Naloxone has saved thousands of lives. But can patients be safely discharged from the Emergency Department (ED) just an hour after they receive the medication that curtails drug overdoses? According to the St. Paul’s Early Discharge Rule developed in 2000, that’s how long providers should observe patients after naloxone treatment, so long as their vital signs meet specific criteria and they are ambulatory.
But the rule was never externally validated or assessed in light of the changes that have occurred in recent years with opioid use disorder.
That’s why University at Buffalo researchers conducted the current study, published today in Academic Emergency Medicine, and the first to clinically assess the rule developed at St. Paul’s Hospital in Vancouver.
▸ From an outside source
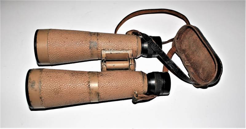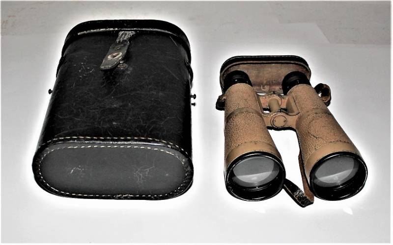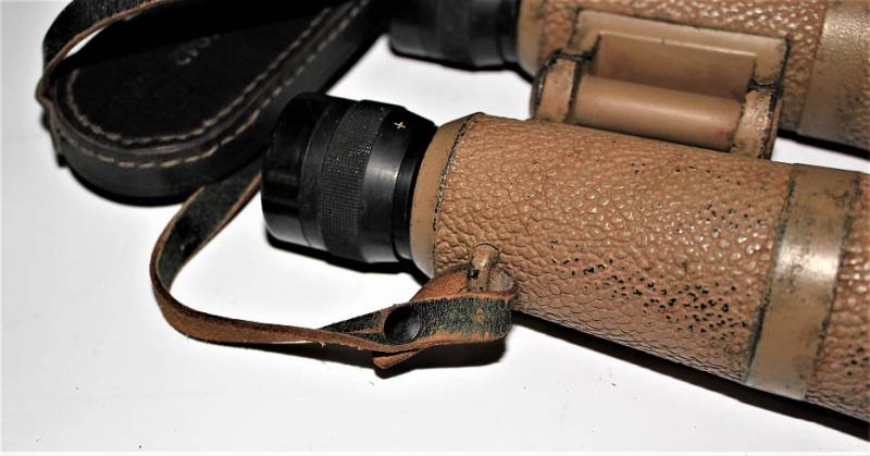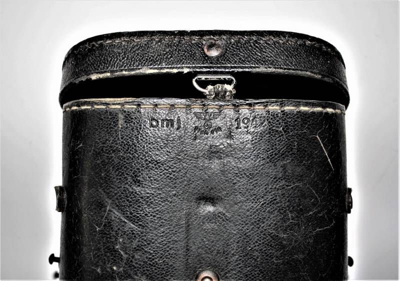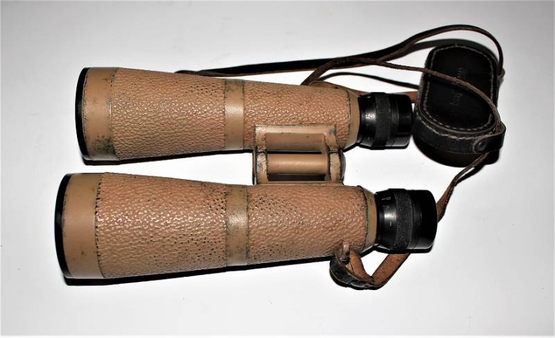 Binocolo 10x50 in colorazione gialla tropicale al 90%, (di solito in uso all´equipaggi Panzer), completo della sua custodia in pelle, il tutto in ottime condizioni con leggeri segni del tempo e dell´uso, non restaurato o riparato, lenti mai smontate, immagine molto chiara, senza reticolo, scatola marcata con codice fabbricante, waffenamt e data 1942, stessa marcatura sul copri lenti in pelle, anche l´ottica è marcata con fabbricante e numero di lotto. Originale 100% WWII periodo.

“The landscape of opioid use disorder has changed dramatically,” said Brian Clemency, DO, lead author on the paper, associate professor of emergency medicine in the Jacobs School of Medicine and Biomedical Sciences at UB and an attending physician specializing in emergency medicine at Erie County Medical Center. He also is a physician with UBMD Emergency Medicine.
In 2000, he explained, naloxone was almost exclusively administered intravenously by doctors, nurses and paramedics. Today, the medication is far more widely available, including to members of the public, and is often given in the form of a nasal spray. In addition, the use of heroin and synthetic opioids, such as fentanyl and carfentanil, has increased tremendously.
“Recommendations for patient observation after naloxone administration are inconsistent,” said Clemency. “Patients can be observed for six or more hours or they can be immediately discharged with no further evaluation.
“The question is, which of these patients needs to be watched longer?” he asked. “Right now, there isn’t a really good rule. This has wide-ranging negative implications for emergency care and opioid use disorder treatment.
“It is our hope that these findings will lead to a reduction in practice variation and allow for better use of resources in the ED, while ensuring patient safety,” he added.